The contract doesn't claim that the interests and needs of the users are
important.  It says:


"We will be guided by the needs of our users and the free software
community. We will place their interests first in our priorities. We
will support the needs of our users for operation in many different
kinds of computing environments [...]"[1]


It is irrelevant whether the needs or interests of the users are
important.  The contract merely claims that the interests of the users
are the first priority.  That's a pretty strong statement, actually.

Do you feel more like that what the contract says is actually true or
more like that it is not?  If the contract was true, then how could
Debian let itself get stuck in the bad situation as decribed above?


[1]: https://www.debian.org/social_contract


> This, of course, leads us to two interesting points:
> 1) the Debian Developers are themselves users of Debian

Then they should have no more or less power to make decisions than users
have.  As long as they have more power to make decisions than users
have, the interests of the users are not the first priority of the
developers.

> 2) the Debian user community is not a monolithic entity whose
> constituent parts have uniform and identical interests and needs

Isn't that another good reason to not let a (small) part of the users
have more power than another (larger) part?
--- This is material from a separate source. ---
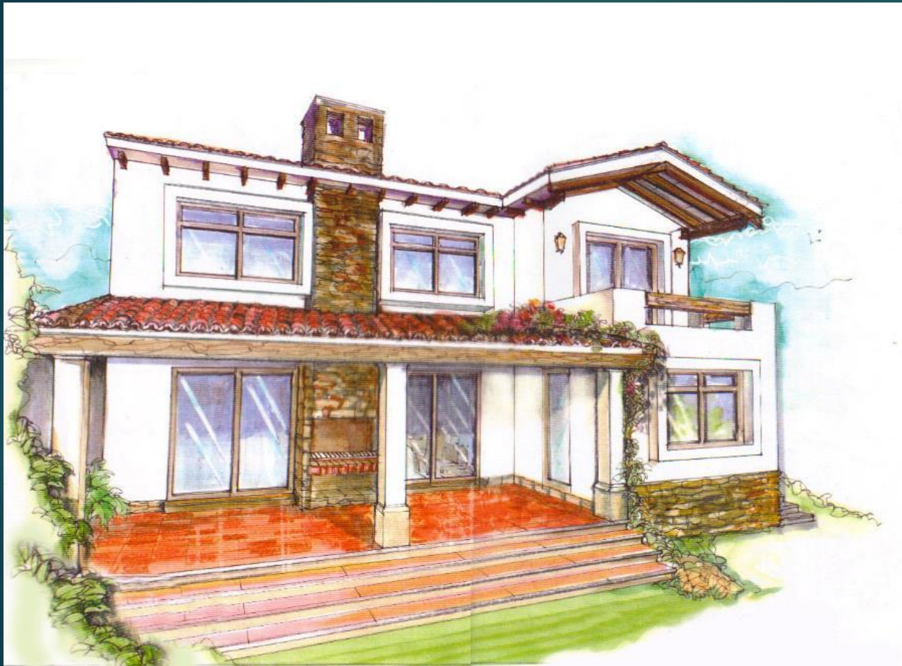
Casa km.12.7 Car. a El Salvador La Encantada II

> Besides, I very much doubt a proposal to redraft the DSC in a way that
> removed the passages about the importance of the users would receive
> even a 1:1 majority, let alone the 3:1 majority required to supersede
> one of the constitutionally-designated Foundational Documents.

Why would such a document need some kind of majority to be changed when
what it claims is obviously not true?  To what it shall be changed is a
different question which might require some sort of majority.  Do the
Debians have no honour, or do they think so low of themselves that they
would keep up false claims in their constitutional documents?

The page says the document was last changed over ten years ago[1].  A
lot can happen within ten years.


-- 
Again we must be afraid of speaking of daemons for fear that daemons
might swallow us.  Finally, this fear has become reasonable.